Fantasy : Fable III

par Olivier Seguret
publié le 27 décembre 2010 à 13h07

Voici déjà une bonne lune que Fable III est sorti, mais il figure quand même parmi les plus beaux jeux d'aventures disponibles en vue de l'imminent Noël. Dans ce volet, le style graphique évolue légèrement et quelques éléments dans la construction générale de la partie sont modifiés, mais l'essentiel du monde d'Albion est préservé. Seuls changent radicalement les événements et leur déroulement. Situé un peu plus tard historiquement, au seuil d'une révolution industrielle réinterprétée sous les conventions de la fantasy, Fable III propose d'abord au joueur de gagner le pouvoir en menant une révolution dans le royaume puis, dans un deuxième temps, d'exercer ce pouvoir.

Cette seconde dimension crée une sorte de faille rarement vue dans un jeu. Elle voudrait répondre à une vieille utopie du joueur, particulièrement de jeux de rôles : continuer à faire évoluer un monde une fois toutes ses missions achevées et son objectif principal atteint. Le degré d'investissement du gamer dans ces prolongations inhabituelles dépend naturellement de l'attachement presque affectif qu'il aura nourri pour le jeu, les mondes visités et leurs propositions ludiques.
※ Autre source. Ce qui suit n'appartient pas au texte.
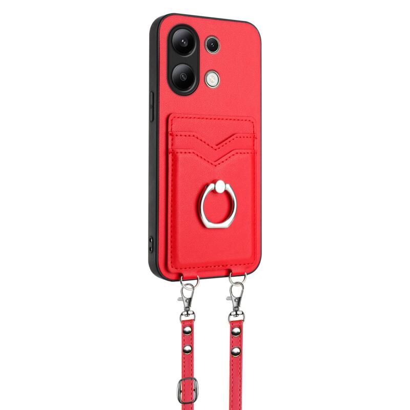 Για Xiaomi Redmi Σημείωση 13 4G Global R20 Crossbody σχοινί δαχτυλίδι κάρτας κάτοχος υπόθεση τηλεφώνου (κόκκινο)

Prestigieuse exclusivité de la Xbox, la série des Fable doit sa réputation à son auteur, le Britannique Peter Molyneux. Cette identification, très rare dans le monde du jeu où règne encore une forme d'anonymat collectif, est à double tranchant. Parce qu'il est bavard et idéaliste, Molyneux fait souvent naître des espoirs exagérés lorsqu'il évoque ses projets, dont l'ambition conceptuelle a toujours été la marque. Mais sa nature mélancolique l'incline aussi vers l'autocritique sincère une fois que les titres sont réalisés et qu'ils n'atteignent pas les buts annoncés. C'est aussi cela qui le rend très sympathique : Molyneux n'est jamais complètement satisfait de lui-même ni de ses œuvres. Pourtant, elles sont souvent très supérieures à la moyenne, comme ce troisième opus de Fable le prouve facilement.
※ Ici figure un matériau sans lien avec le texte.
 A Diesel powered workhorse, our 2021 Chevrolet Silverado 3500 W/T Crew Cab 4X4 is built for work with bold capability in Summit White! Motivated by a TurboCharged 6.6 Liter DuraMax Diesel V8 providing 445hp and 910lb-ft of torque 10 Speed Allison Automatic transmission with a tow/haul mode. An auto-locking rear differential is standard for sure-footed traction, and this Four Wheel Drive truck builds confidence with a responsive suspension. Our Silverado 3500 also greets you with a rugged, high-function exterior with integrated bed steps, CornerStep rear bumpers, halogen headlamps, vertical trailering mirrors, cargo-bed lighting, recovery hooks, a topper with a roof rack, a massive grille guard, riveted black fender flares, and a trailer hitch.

Facile est d'ailleurs le reproche que l'on trouve le plus fréquemment adressé à cet épisode. Trop facile, juge globalement la critique quand elle veut dévaloriser le titre, ce qui est une drôle de manière de concevoir son métier. Que Fable III soit plus accessible que les deux épisodes précédents, sans doute. Mais ce qui a été élagué par Molyneux (essentiellement dans les systèmes de combat et dans les menus interactifs qui permettent au héros de communiquer avec d'autres personnages) ne l'a pas été par hasard : c'est après avoir constaté que dans leur grande majorité les joueurs délaissaient très vite ces options. Ce sont donc eux qui, par leur pratique, ont ouvert le chemin d'une simplification du gameplay de Fable , et l'on est tout à fait en droit de juger que ce streamlining était le bon : l'expérience du joueur s'en retrouve elle aussi fluidifiée.

Fable III est un jeu qui file une route soyeuse, sans grincements, mais il est vrai aussi, rapide. C'est peut-être le sens qu'il faut donner à cette «facilité» ressentie : dans sa bienveillante et très agréable simplicité, Fable III gagne aussi une vitesse qui peut laisser sur sa faim. On peut gager que les DLC (les contenus téléchargeables et payants) viendront se proposer de pallier cette frustration… Mais il faudra qu'ils soient supérieurs au premier de ces épisodes additionnels, disponible depuis quelques jours (trois minuscules missions annexes qui mettent à leur tour en pétard la communauté fabuliste).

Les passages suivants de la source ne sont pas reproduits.